Goal of the exercise: Start to finish, return the listing below exactly, pictures excluded.

Stored data:
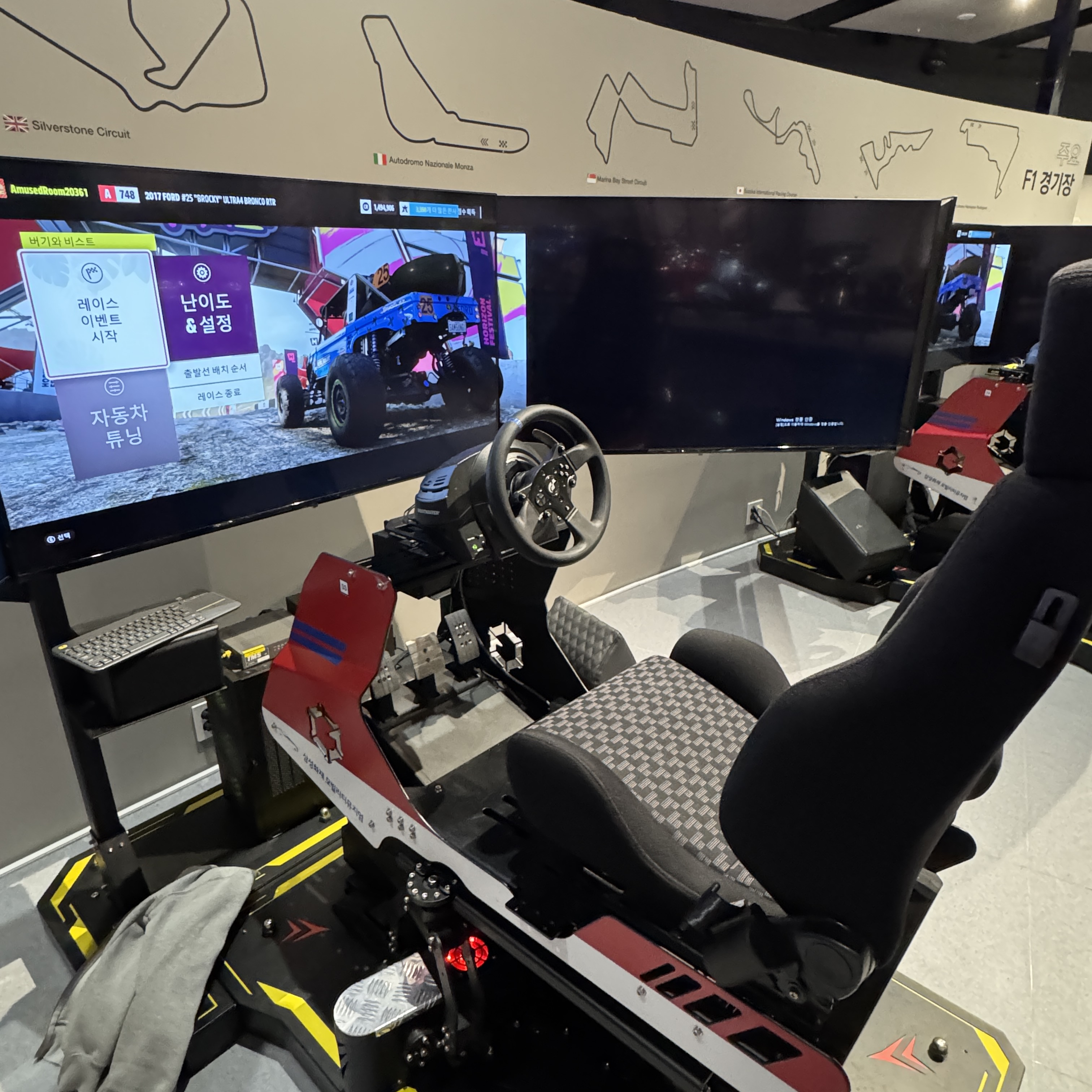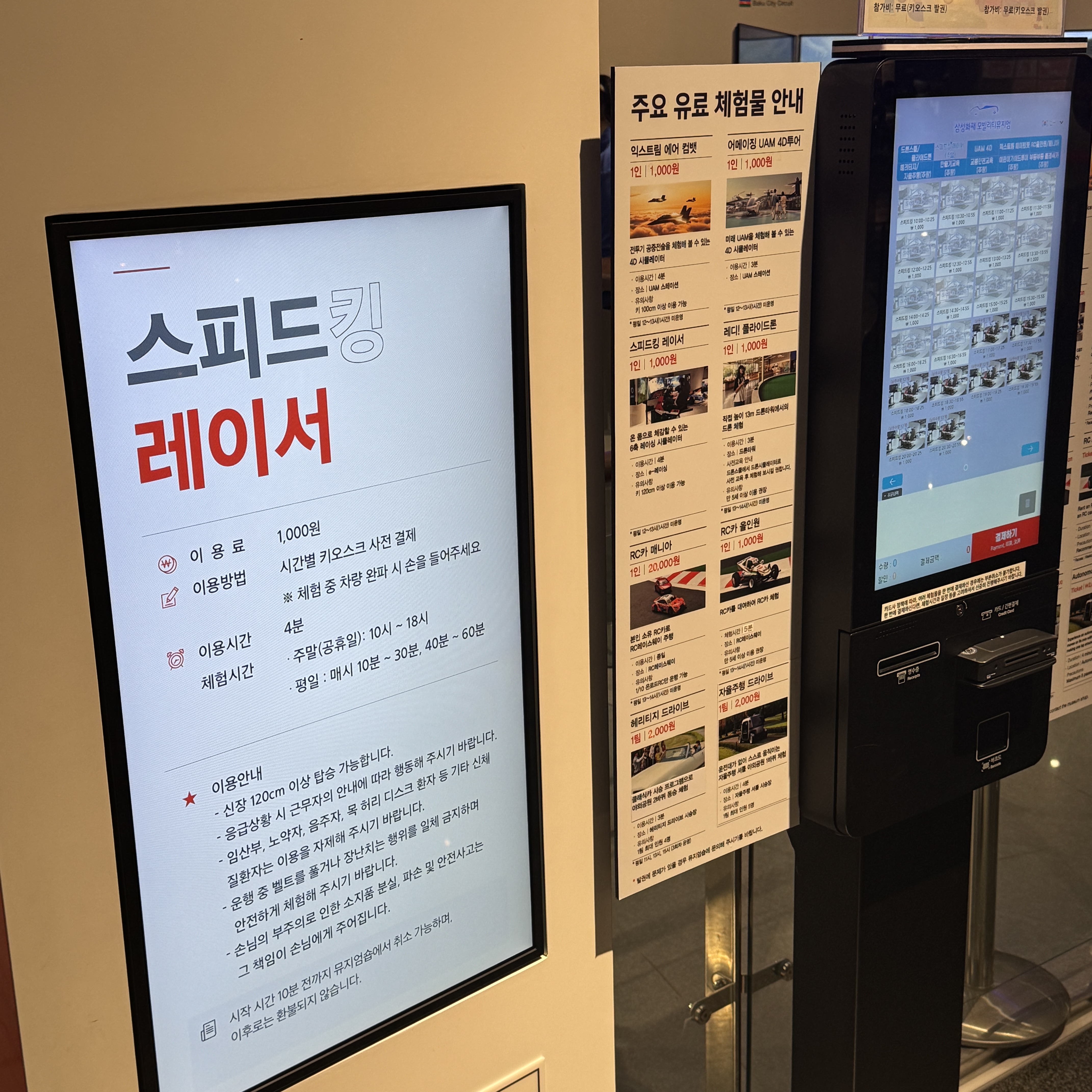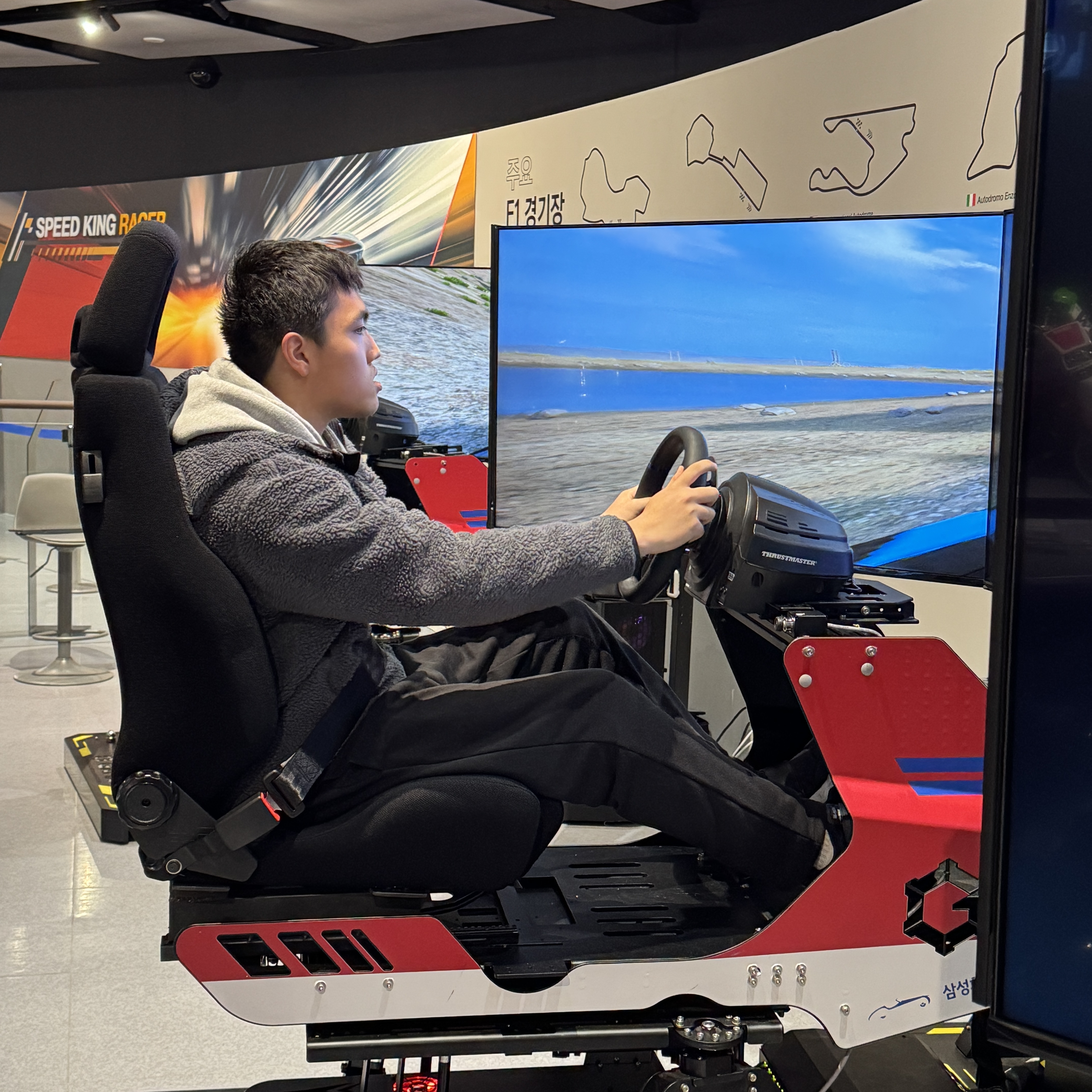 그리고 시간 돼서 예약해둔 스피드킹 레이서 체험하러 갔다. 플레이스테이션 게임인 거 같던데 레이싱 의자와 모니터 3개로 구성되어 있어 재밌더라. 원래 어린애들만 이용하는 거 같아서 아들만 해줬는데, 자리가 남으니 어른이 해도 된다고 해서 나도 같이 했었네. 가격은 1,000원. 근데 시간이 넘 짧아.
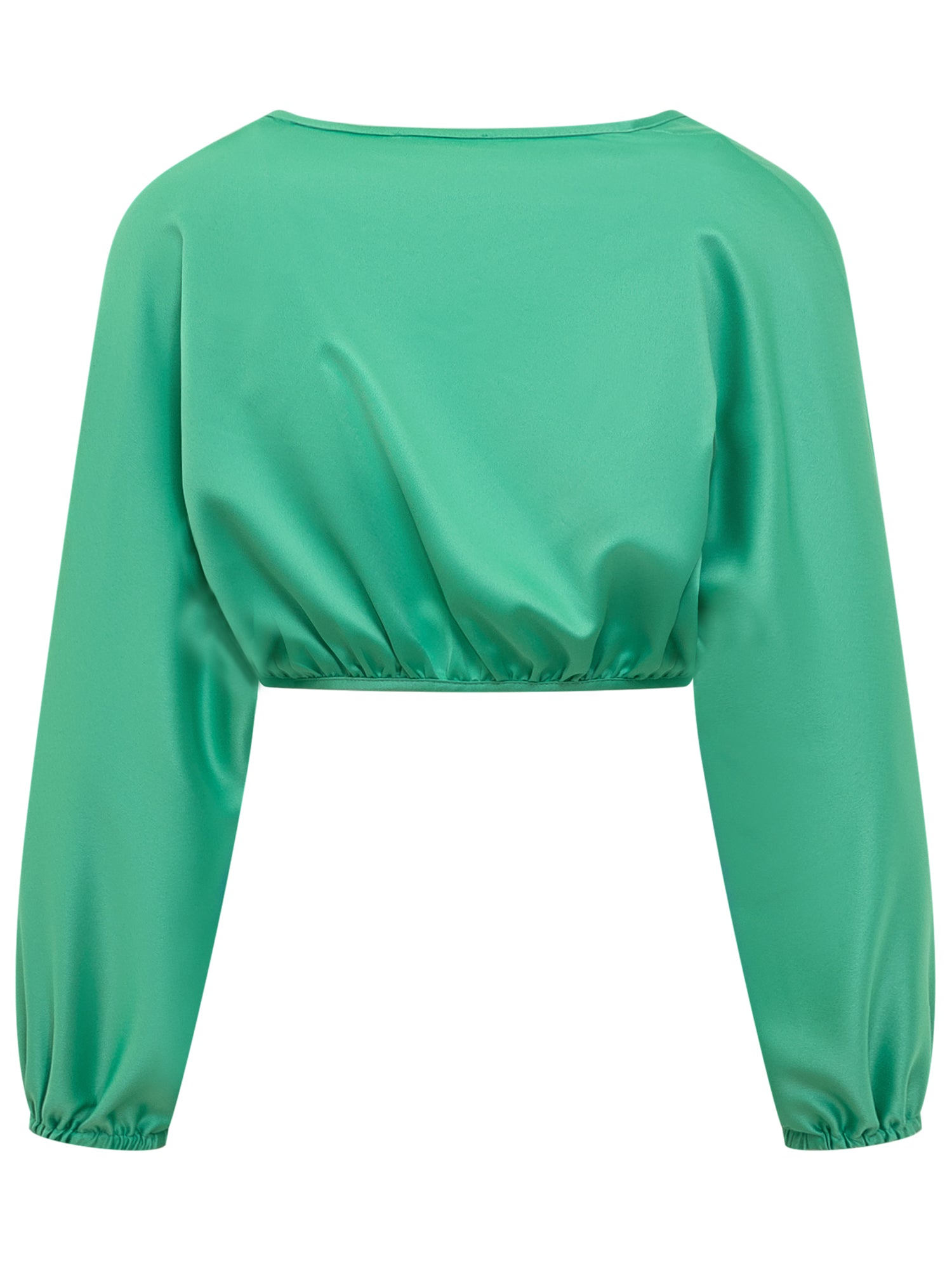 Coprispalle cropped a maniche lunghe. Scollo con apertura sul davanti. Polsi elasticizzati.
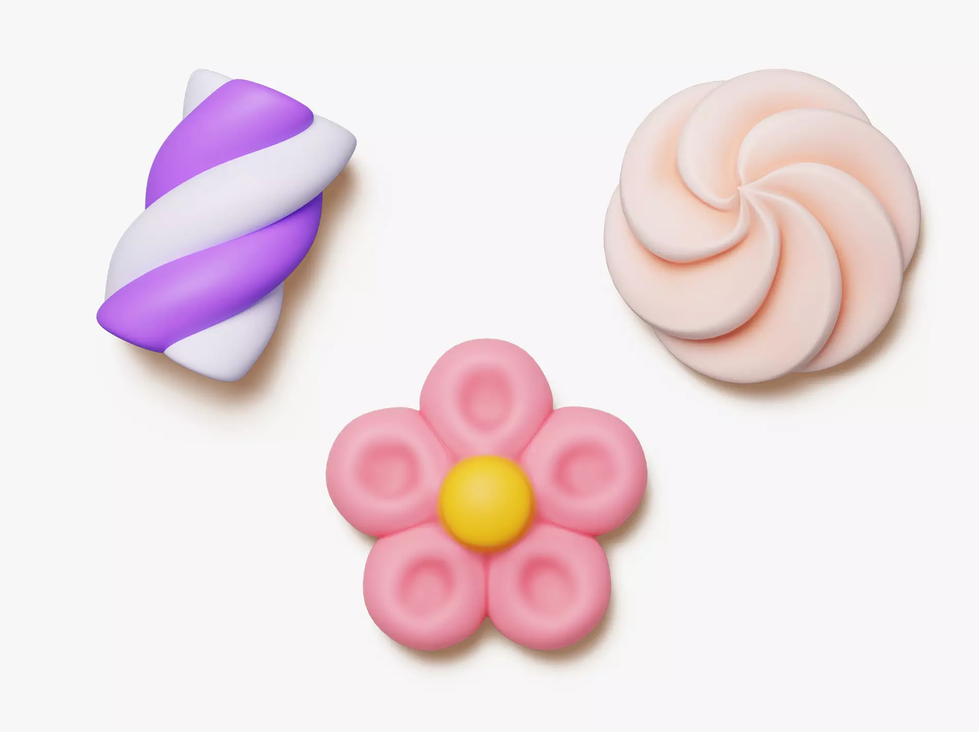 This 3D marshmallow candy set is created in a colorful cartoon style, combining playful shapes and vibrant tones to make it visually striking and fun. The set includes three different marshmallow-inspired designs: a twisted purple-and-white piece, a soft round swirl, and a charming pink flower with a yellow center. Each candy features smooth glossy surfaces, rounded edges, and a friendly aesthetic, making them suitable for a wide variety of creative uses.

Response for this exercise:
 그리고 시간 돼서 예약해둔 스피드킹 레이서 체험하러 갔다. 플레이스테이션 게임인 거 같던데 레이싱 의자와 모니터 3개로 구성되어 있어 재밌더라. 원래 어린애들만 이용하는 거 같아서 아들만 해줬는데, 자리가 남으니 어른이 해도 된다고 해서 나도 같이 했었네. 가격은 1,000원. 근데 시간이 넘 짧아.
 Coprispalle cropped a maniche lunghe. Scollo con apertura sul davanti. Polsi elasticizzati.
 This 3D marshmallow candy set is created in a colorful cartoon style, combining playful shapes and vibrant tones to make it visually striking and fun. The set includes three different marshmallow-inspired designs: a twisted purple-and-white piece, a soft round swirl, and a charming pink flower with a yellow center. Each candy features smooth glossy surfaces, rounded edges, and a friendly aesthetic, making them suitable for a wide variety of creative uses.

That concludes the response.